Issue 1: Did the Bozeman city commission violate T&C’s constitutional rights to substantive due process and equal protection of the law when it denied T&C’s application for approval of a site plan?

1.1 – Substantive Due Process Claim

 “Substantive due process primarily examines underlying substantive rights and remedies to determine whether restrictions are unreasonable or arbitrary when balanced against the purpose of a government body in enacting a statute, ordinance or regulation.” Town & Country, ¶ 17 (citing State v. Webb, 2005 MT 5, ¶ 21; State v. Egdorf, 2003 MT 264, ¶ 19).  “[T]he test of whether the government denied a party constitutional substantive due process concerns an examination of whether the government, by enacting a piece of legislation, acted in an unreasonable, arbitrary, or capricious fashion.” Town & Country, ¶ 17.  ”A constitutional due process analysis is applicable under the facts of this case because T&C does not allege Bozeman’s Zoning Ordinance is unconstitutional.”  Town & Country, ¶ 18.

1.2 – Equal Protection Claim

“To prevail on an equal protection challenge, the injured party must demonstrate that the law at isue discriminates by impermissibly classifying individuals or entities and treating them differently on the basis of that classification.” Town & Country, ¶ 19.  “T&C’s complaint challenges the city commission’s decision, rather than the Zoning Ordinance, and does not present a constitutional denial of equal protection claim.”  Town & Country, ¶ 20.

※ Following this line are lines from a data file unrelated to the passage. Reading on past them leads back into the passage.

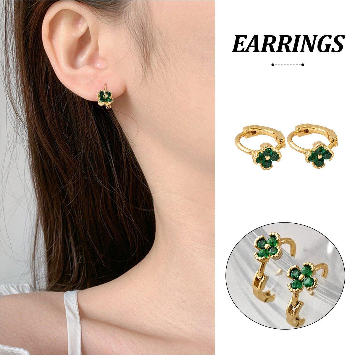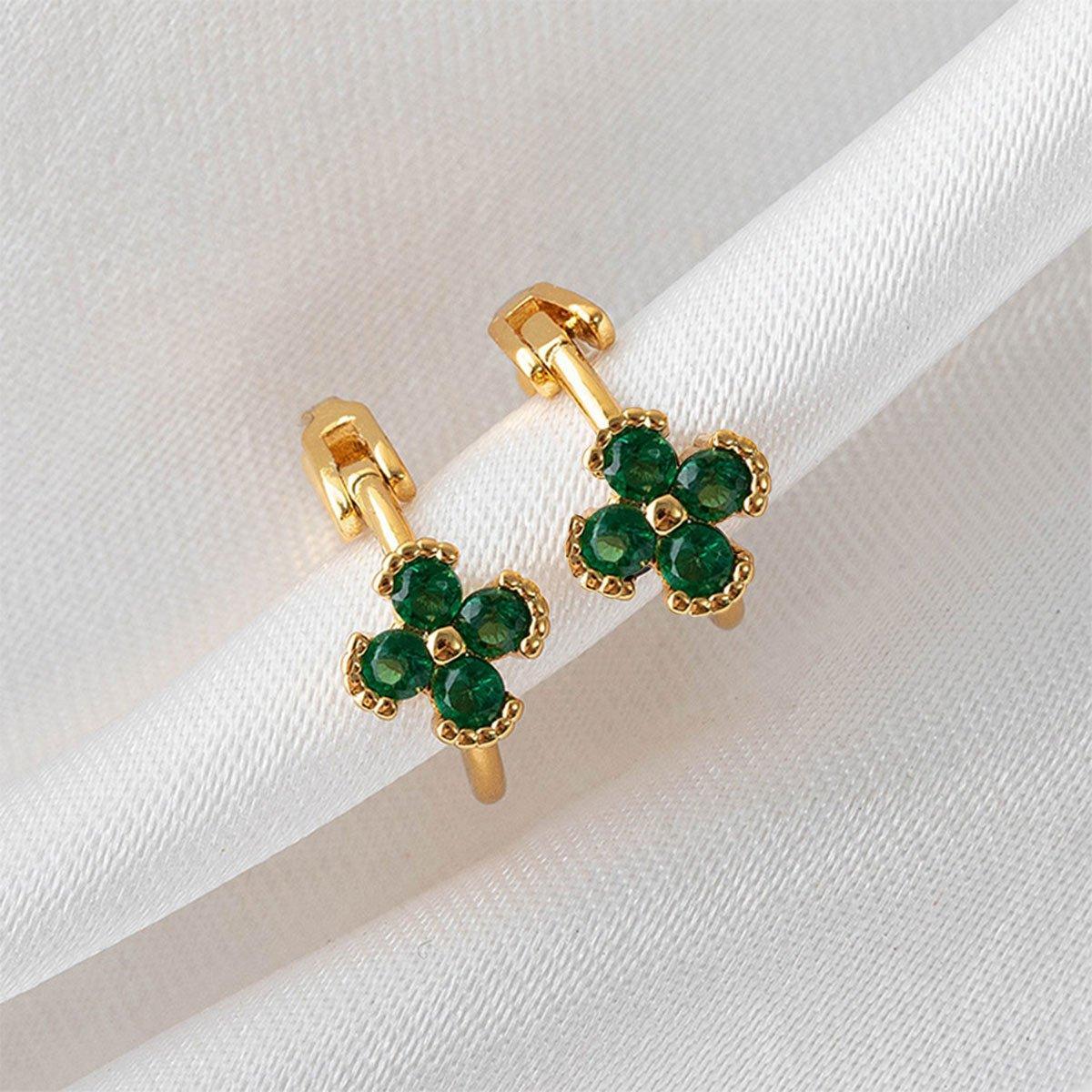 Green Lucky Grass Ear Cuff Simple Earrings for Girls Fashion Jewelry Accessories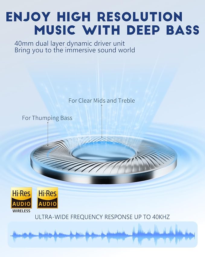 - 【PREMIUM Hi-Res Sound on Wired or wireless Connection】: Equipped with Dual 40mm drivers, iDiskk wireless headphones stands out with superior Hi-Res audio with well-balanced thumping bass on the lows and crystal clarity on the high.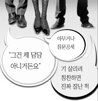 중견 제조업체 차장인 조모(39)씨는 며칠 전 후배에게 시장조사를 맡겼다가 머쓱해진 경험이 있다. 그 지역 담당자가 출장중이어서 담당자와 동기인 후배직원에게 조사를 부탁했더니 그 후배직원은 “그건 제 담당이 아니다.”며 거절했다.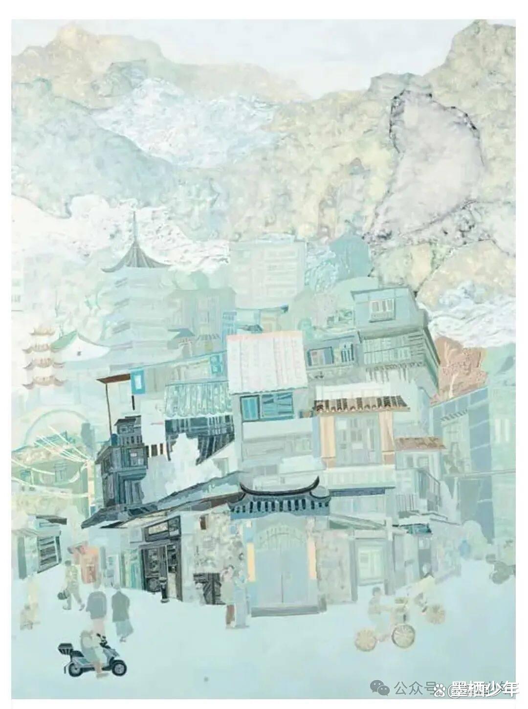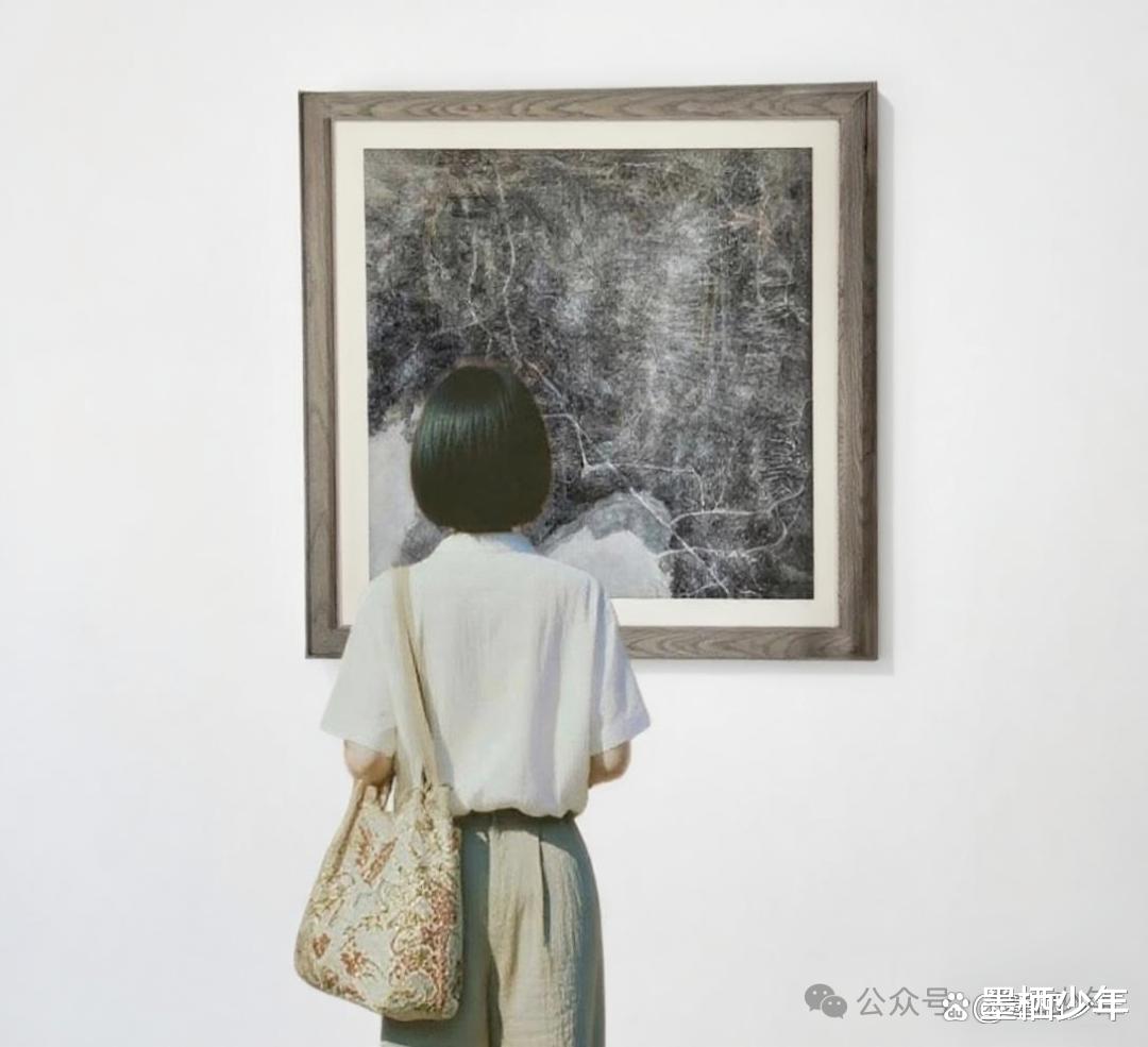 砚晖(凝视画面):"瞧这墨色!墨分五色像冰镇黑布林,咬下去爆汁的清凉感~"墨驰(智能墨镜蓝光狂闪):"光谱分析:石英砂62%+丙烯19%...标签写着'综合材料'看不见?"砚晖:“呆子!视觉效果不就是墨韵?你瞧这右下角有个女孩凝视着画面。"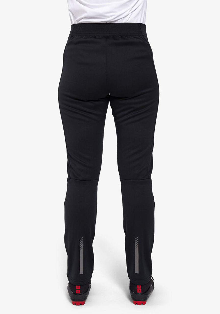 Vysoký elastický pas s vnitřní stahovací šňůrkou zajišťuje pohodlné a bezpečné usazení. Praktické kapsy na zip poskytují úložný prostor pro drobnosti, zatímco dlouhé zipy na nohavicích až po kolena umožňují snadné oblékání přes boty. Díky reflexním detailům budete dobře viditelní i za zhoršených světelných podmínek. Tyto kalhoty jsou ideální volbou pro běžecké lyžování, trénink i aktivní pohyb v zimní přírodě.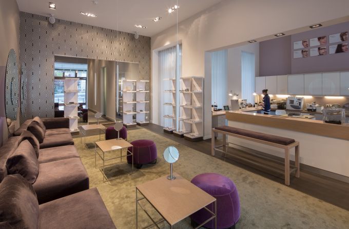 Der hintere, um eine Treppenstufe erhöhte Beratungsraum ist mit Minotti-Sofas bestückt und erinnert an Salonkultur mit flauschiger Gemütlichkeit (weiter hinten dann die Refraktionsräume). Die Polster im edlen Look sind in einem satten Lilaton. Sofort erinnert man sich daran, dass Ultra-Violett ja laut Farbinstitut Pantone die Farbe der Saison sein soll.

Issue 2: Was the Bozeman city commission’s decision to deny T&C’s application an abuse of discretion?

“We cannot conclude that the information relied on by the city commission to make its decision lacked foundation or that its decision was unreasonable.  The city commission addressed relevant criteria – vehicle and pedestrian traffic, parking wetlands, setbacks, and conformity with the neighborhood.  The city commission complied with its Zoning ordinance and gave reasons for its denial of T&C’s site plan.  The city commission did not abuse its discretion.”  Town & Country, ¶ 31.

Further, it was not an abuse of discretion for the city commission to reclaim T&C’s application because the Zoning Ordinance provides that it may make the final decision on an application–either on apeal from the planning director or after its own consideration.  Town & Country, ¶ 32.